Para Pilorge, esto es crucial: “Camboya está caracterizado ahora como el país más corrupto de la ASEAN. También somos el país con la deforestación más rápida, y en lo que se refiere al imperio de la ley, libertad de expresión, siempre estamos abajo. Eso dice mucho. Todos los problemas que afectan a Camboya y a los camboyanos están interrelacionados. ¿Por qué la gente tiene que venir a las fábricas a trabajar como esclava? ¿Están enfermos o es que perdieron sus tierras? ¿Por qué tienen que salir a buscar trabajo a países donde se abusa de ellos?

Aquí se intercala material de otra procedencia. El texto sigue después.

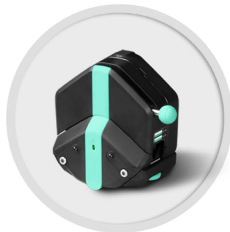
EasyPump-PPS 系列 (不可调压)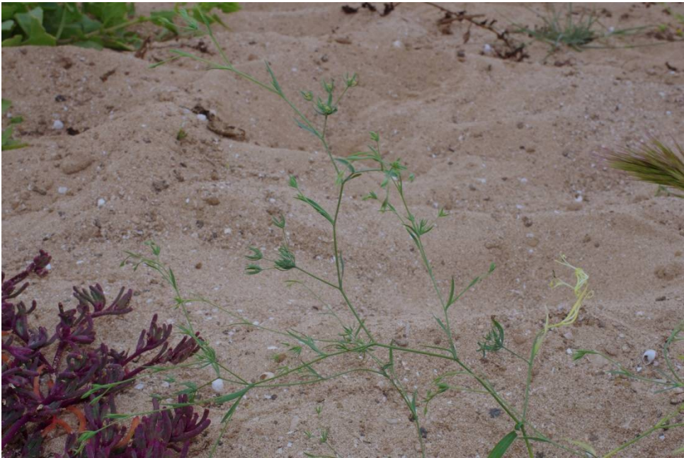
Bupleurum semicompositum L.

Fuerteventura, O Lajares, 28°40'32"N, 13°53'58"W, 13.2.2016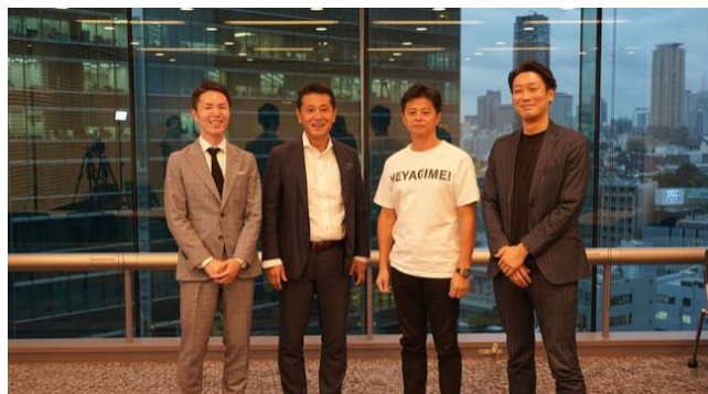
(REAN JAPAN メンバー写真)

2020年12月から、不動産賃貸仲介業のさらなる発展のため、不動産賃貸仲介業の未来をつくる研究会として「REAN JAPAN」を発足しました。競合する企業と連携し、不動産賃貸業ネットワークの多岐に渡る情報を共有することにより、賃貸仲介業に携わる人材が今まで以上に働きがいを感じることができるような環境を整備することが大切だと考え、成功した人たちの知識と一緒に研究・勉強しています。このような知識をYouTubeで発信しており、様々な会社の面白い取り組みや成功事例などを広く共有しています。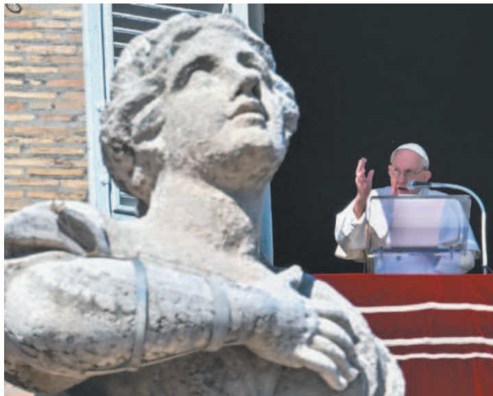
Pontífice se comoveu ao falar da tragédia na Calábria

Ao discursar, o papa ficou muito comovido e depois calou-se perante a multidão reunida em frente à Praça de São Pedro, em Roma. A tragédia ocorrida no último

De nuevo: es porque perdieron sus tierras, perdieron sus medios de vida, el uso del bosque… todo esto genera migración, tráfico, abusos”.

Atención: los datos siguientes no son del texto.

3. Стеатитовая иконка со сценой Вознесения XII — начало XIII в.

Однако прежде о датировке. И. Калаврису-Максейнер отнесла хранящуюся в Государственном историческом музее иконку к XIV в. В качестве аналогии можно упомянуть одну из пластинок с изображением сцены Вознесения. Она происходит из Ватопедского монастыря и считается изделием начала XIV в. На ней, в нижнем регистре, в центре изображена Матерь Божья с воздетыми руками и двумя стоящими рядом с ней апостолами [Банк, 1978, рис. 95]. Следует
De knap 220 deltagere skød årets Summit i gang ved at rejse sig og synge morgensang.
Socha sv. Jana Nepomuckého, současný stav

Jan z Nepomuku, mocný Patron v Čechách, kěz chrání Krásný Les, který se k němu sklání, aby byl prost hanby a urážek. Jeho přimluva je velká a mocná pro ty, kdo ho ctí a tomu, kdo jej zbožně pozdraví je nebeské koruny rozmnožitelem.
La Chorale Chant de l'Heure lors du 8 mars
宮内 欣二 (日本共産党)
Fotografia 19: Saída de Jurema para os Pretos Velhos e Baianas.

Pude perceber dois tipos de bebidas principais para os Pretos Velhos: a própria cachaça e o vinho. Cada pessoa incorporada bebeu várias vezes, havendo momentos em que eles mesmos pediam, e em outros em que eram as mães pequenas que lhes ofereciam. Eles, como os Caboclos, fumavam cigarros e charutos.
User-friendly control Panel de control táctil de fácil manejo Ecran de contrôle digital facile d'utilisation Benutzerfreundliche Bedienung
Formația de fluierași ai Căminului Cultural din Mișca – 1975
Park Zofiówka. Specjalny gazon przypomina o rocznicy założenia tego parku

La apropiación (desalojo) de tierras para su explotación económica: tala, minería, agricultura y turismo, principalmente, ha afectado, por lo menos, a 600.000 familias, según datos de la ONG Licadho, organización que ha hecho pública una base de datos con concesiones gubernamentales a inversores locales y extranjeros. “Es difícil decir si la apropiación de tierras ha bajado o lo que ha bajado es la denuncia de la apropiación de tierras. Lo que sabemos es que continúa”. Y esto está ocurriendo en un país fundamentalmente agrícola, donde, tradicionalmente, los campesinos dependen de la tierra para su subsistencia, y donde las comunidades indígenas “están desapareciendo” precisamente por la imposibilidad de usar el bosque como tradicionalmente venían haciéndolo, expone Pilorge.

Dividir para vencer

No es difícil que ONG como Licadho y sindicatos de corte independiente trabajen juntos en asuntos que afectan a las comunidades, como el de la apropiación de tierras, ya que en algunos casos trabajadores del sector informal de esas comunidades se cuentan entre los afectados. Estas alianzas, asegura Pilorge, no son bienvenidas por las autoridades, lo ven “como un problema”, porque, entre otros, podrían beneficiar a la oposición.

“Parte de la razón, si no la razón clave por la que se ha introducido esta legislación – [LANGO], por la que se refuerza a los militares y a la policía, se incrementa la vigilancia–, no es solo para apuntar a estos grupos e individuos, sino para dividir y conquistar. Una de las tácticas más exitosas si vas a por a un grupo, es, en lugar de atacar a todos –a todos los medios, ONG, sindicatos–, es apuntar a uno y eso afectará al resto. Tan pronto como una ONG es acusada de un delito específico, lo primero que ocurre es que gente de otras ONG, socios financiadores, embajadas… van a evitarla, tendrán sospechas, especialmente cuando no hay medios independientes. Esto los aislará, y afectará a otros. Es decir, no sólo debilita a una organización que reta al liderazgo [del país], sino que además los efectos destiñen en otros. Y esto funciona particularmente bien en Camboya, por su historia reciente y por el alto nivel de miedo existente [N.d.l.e.: entre 1975 y 1979, el régimen genocida del Jemer Rojo acabó con 1,7 a 2 millones de camboyanos, en torno a un cuarto de la población del país en ese momento]”, elabora Pilorge. Y, el problema es “más preocupante”, apunta, cuando todo esto ocurre en zonas rurales y a individuos, uniones sindicales, grupos de base y ONG pequeñas.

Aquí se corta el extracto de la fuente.